Because of the limited hashes for stack-b, that stack fails to plan/apply properly on TFC.

tung · March 9, 2021, 9:41pm

Dug into this with the provided example project. Here are different debugging sessions:

Reproduction of issue where .terraform.lock.hcl loses info with terraform version v0.14.4: https://gist.github.com/tongueroo/5e64bdc6d2fd74d71520d294a20f32e8
Reproduction of issue where .terraform.lock.hcl loses info with terraform version v0.14.7: https://gist.github.com/tongueroo/238b9eed692d40bc6b60fe3f639a8229
If running staging first and only then the .terraform.lock.hcl has all the info: https://gist.github.com/tongueroo/39912904e7e37f6d54914bffa5ca898d
Here’s the key. If with plugin cache disabled, then both .terraform.lock.hcl has all the info: https://gist.github.com/tongueroo/2eb04c801268393b700ebed6897139e3
Interestingly, the apply still works on some versions on terraform: https://gist.github.com/tongueroo/509751a5a14627bd31abbeafdde17bc1

#5 shows that the terraform apply seems to work even though the staging .terraform.lock.hcl file is missing lock info, at least with terraform v0.14.7. In your provided debugging output, terraform produces a hard fail instead of applying successfully like the gist output. Thinking different versions of terraform behave differently.

#4 is key, you can disable the use of a Terraform plugin_cache like so:

config/app.rb

Terraspace.configure do |config|
  config.terraform.plugin_cache.enabled = false
end

Docs: https://terraspace.cloud/docs/config/reference/

This results in consistent .terraform.lock.hcl files with the lock information. As an immediate step, you can disable the cache.

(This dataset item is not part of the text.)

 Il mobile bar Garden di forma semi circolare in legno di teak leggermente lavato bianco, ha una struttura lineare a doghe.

The .terraform.lock.hcl Terraform concept did not exist when added the plugin cache feature a while back. It looks like there are some side-effects when using the plugin cache to the .terraform.lock.hcl files. Think may change the default to be disabled, but got some ideas that may be a better approach though. Note, the plugin cache helps with the terraspace all commands. Will have to think about this some more.

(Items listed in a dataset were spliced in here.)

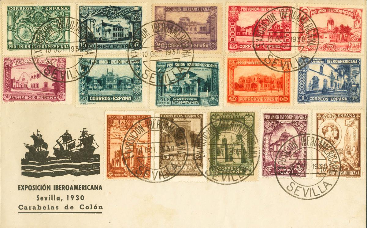 English 566/80. 1930. Complete series, in the absence of 10 pts (engraving) and urgent. Uncirculated cover with postmark IBEROAMERICAN EXHIBITION / SEVILLE. MAGNIFICENT.
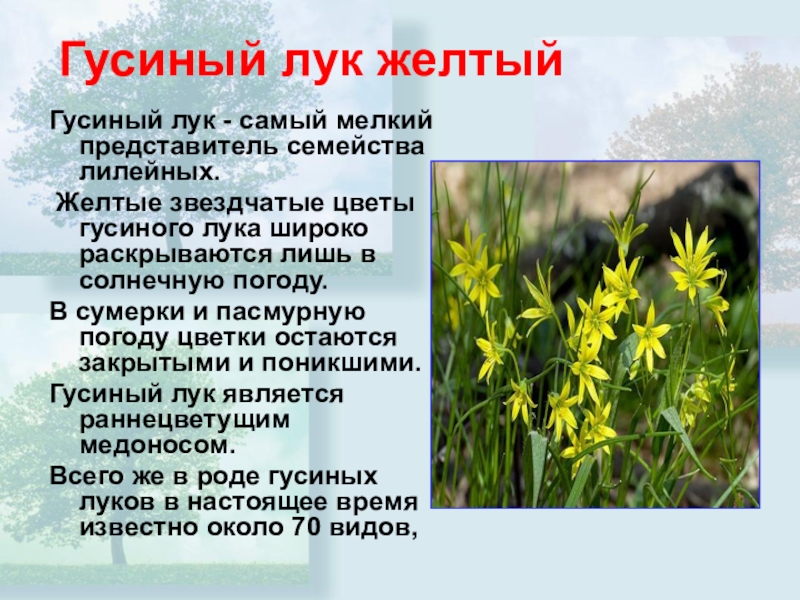 звездчатые цветы гусиного лука широко раскрываются лишь в солнечную погоду.
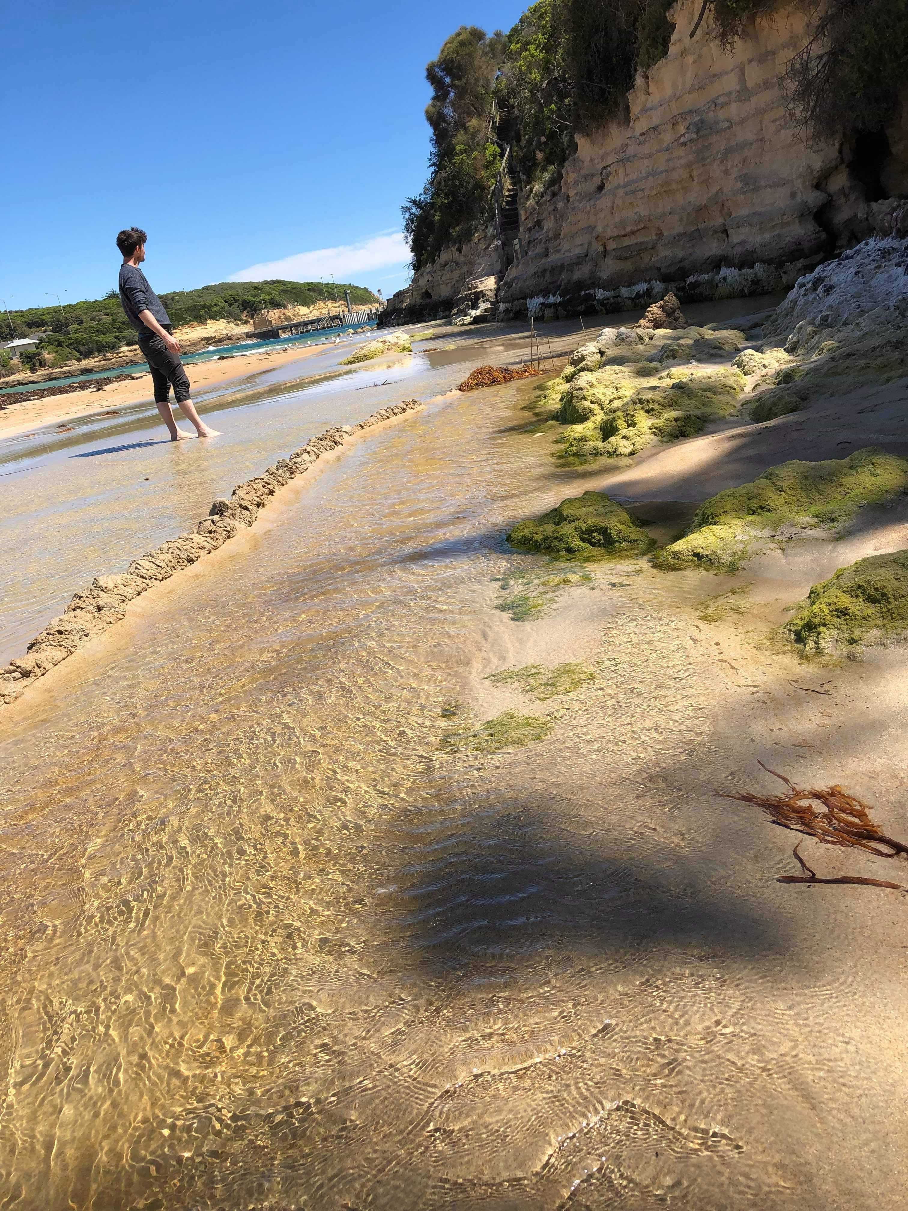After the flight we visited Port Campbell and went for a trek on the beach. Mark and Tristan climbed some rocks and Mark built a dam wall, redirecting the water around a rock.

ellisio · March 9, 2021, 9:47pm

@tung Confirmed adding config.terraform.plugin_cache.enabled = false fixes the lock files.

What made me find this error was tinkering with our second stack and running a fresh terraspace all up. The second stack failed to plan because of this issue. Running 0.14.7 both locally and in TFC.

PS: Thanks for you help on the other issue. We were able to leverage Terraspace by converting our tfc-workspaces workspace into just being a remote state data source. Now Terraspace is using data sources to get the google credentials and passing them into the provider for the stacks.

tung · March 12, 2021, 10:42pm

Changed the default to false https://github.com/boltops-tools/terraspace/pull/92 Would like to make it so there’s a cache per module/stack, but it requires a little more effort. Will get to it in time. The default is false for now. Rather have it consistently work than fast but broken.